First, load the package (and make sure the version is >2.3.0)
library(ICC)
packageVersion("ICC")
Columns of a data.frame
Here we supply the column names and the data.frame that contains the data to calculate the ICC. We will use the ChickWeight data fame.
data(ChickWeight)
ICCbare(x = Chick, y = weight, data = ChickWeight)
#$ICC
#[1] 0.1077609
Iterating through columns of a data.frame
In this case, we might have a data.frame in which we want to estimate the ICC for a number of different types of measurements that each has the same grouping or factor variable (e.g., x). The extreme of this might be in a simulation or bootstrapping scenario or even with some fancy high-throughput phenotyping/data collection. The point being, we want to automate the calculation of the ICC for each column.
First, we will simulate our own dataset with 3 traits to use in the example:
set.seed(101)
n <- 15 # number of individuals/groups/categories/factors
k <- 3 # number of measures per 'n'
va <- 1 # variance among
icc <- 0.6 # expected ICC
vw <- (va * (1 - icc)) / icc # solve for variance within
simdf <- data.frame(ind = rep(LETTERS[1:n], each = k),
t1 = rep(rnorm(n, 10, sqrt(va)), each = k) + rnorm(n*k, 0, sqrt(vw)),
t2 = rep(rnorm(n, 10, sqrt(va)), each = k) + rnorm(n*k, 0, sqrt(vw)),
t3 = rep(rnorm(n, 10, sqrt(va)), each = k) + rnorm(n*k, 0, sqrt(vw)))

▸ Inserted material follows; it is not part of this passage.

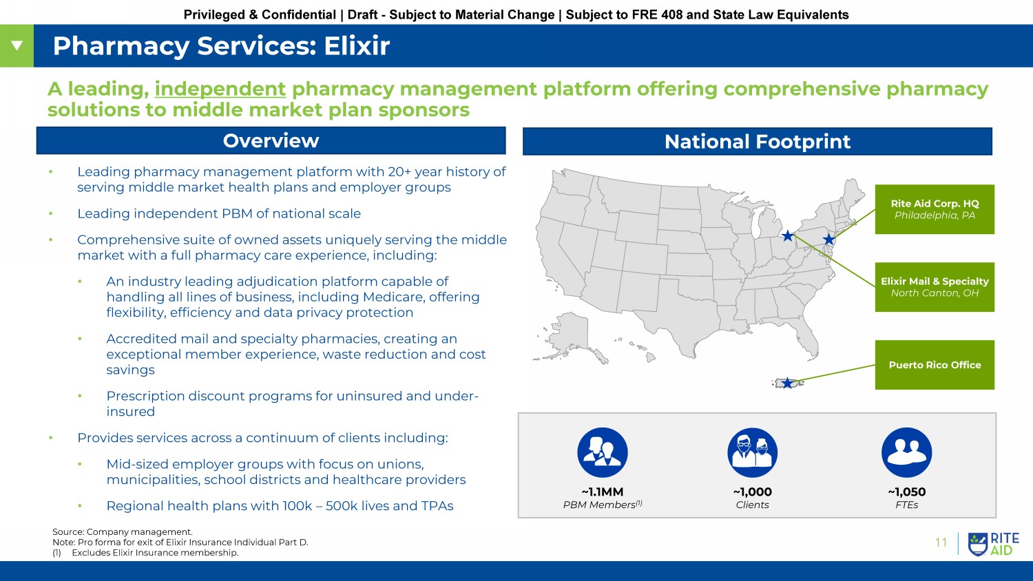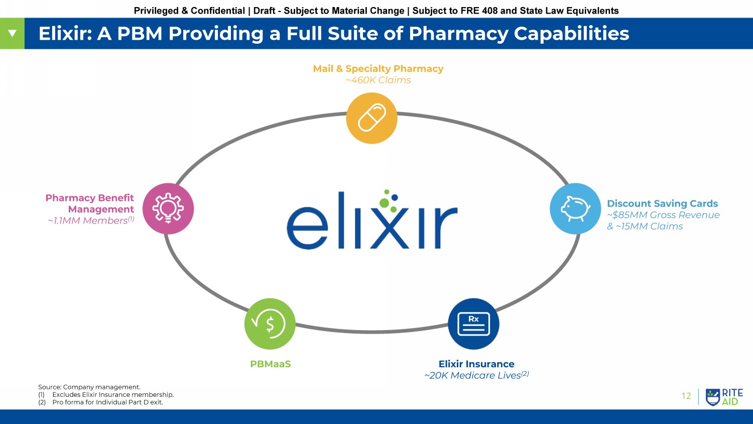 11 Privileged & Confidential | Draft - Subject to Material Change | Subject to FRE 408 and State Law Equivalents Pharmacy Services: Elixir A leading, independent pharmacy management platform offering comprehensive pharmacy solutions to middle market plan sponsors Overview National Footprint ~1.1MM PBM Members (1) ~1,000 Clients Rite Aid Corp. HQ Philadelphia, PA Elixir Mail & Specialty North Canton, OH Puerto Rico Office ~1,050 FTEs • Leading pharmacy management platform with 20+ year history of serving middle market health plans and employer groups • Leading independent PBM of national scale • Comprehensive suite of owned assets uniquely serving the middle market with a full pharmacy care experience, including: • An industry leading adjudication platform capable of handling all lines of business, including Medicare, offering flexibility, efficiency and data privacy protection • Accredited mail and specialty pharmacies, creating an exceptional member experience, waste reduction and cost savings • Prescription discount programs for uninsured and under - insured • Provides services across a continuum of clients including: • Mid - sized employer groups with focus on unions, municipalities, school districts and healthcare providers • Regional health plans with 100k – 500k lives and TPAs Source: Company management. Note: Pro forma for exit of Elixir Insurance Individual Part D. (1) Excludes Elixir Insurance membership.

Two ways to run through the columns come to mind: iteratively pass the name of each column or iteratively pass the column index. I will demonstrate both below. I do these in for loops so it is easier to see, but an easy extension would be to vectorise this by using something from the apply family of functions. First, passing the name:
for(i in names(simdf)[-1]){
cat(i, ":")
tmp.icc <- ICCbare(x = ind, y = i, data = simdf)
cat(tmp.icc, "\n")
}
#t1 : 0.60446
#t2 : 0.6381197
#t3 : 0.591065
or even like this:
for(i in 1:3){
cat(paste0("t", i), ": ")
tmp.icc <- ICCbare(x = ind, y = paste0("t", i), data = simdf)
cat(tmp.icc, "\n")
}
#t1 : 0.60446
#t2 : 0.6381197
#t3 : 0.591065
Alternatively, pass the column index:
for(i in 2:ncol(simdf)){
cat(names(simdf)[i], ": ")
tmp.icc <- ICCbare(x = ind, y = simdf[, i], data = simdf)
cat(tmp.icc, "\n")
}
#t1 : 0.60446
#t2 : 0.6381197
#t3 : 0.591065
Passing a character as an argument is deprecated
Note that the function will still work if a character is passed directly (e.g., "t1"), albeit with a warning. The warning just means that this may no longer work in future versions of the package. For example:
ICCbare(x = ind, y = "t1", data = simdf)
#[1] 0.60446
#Warning message:
#In ICCbare(x = ind, y = "t1", data = simdf) :
# passing a character string to 'y' is deprecated since ICC version
# 2.3.0 and will not be supported in future versions. The argument
# to 'y' should either be an unquoted column name of 'data' or an object
Note, however, that an expression evaluating to a character (e.g., paste0("t", 1)) doesn't throw the warning, which is nice!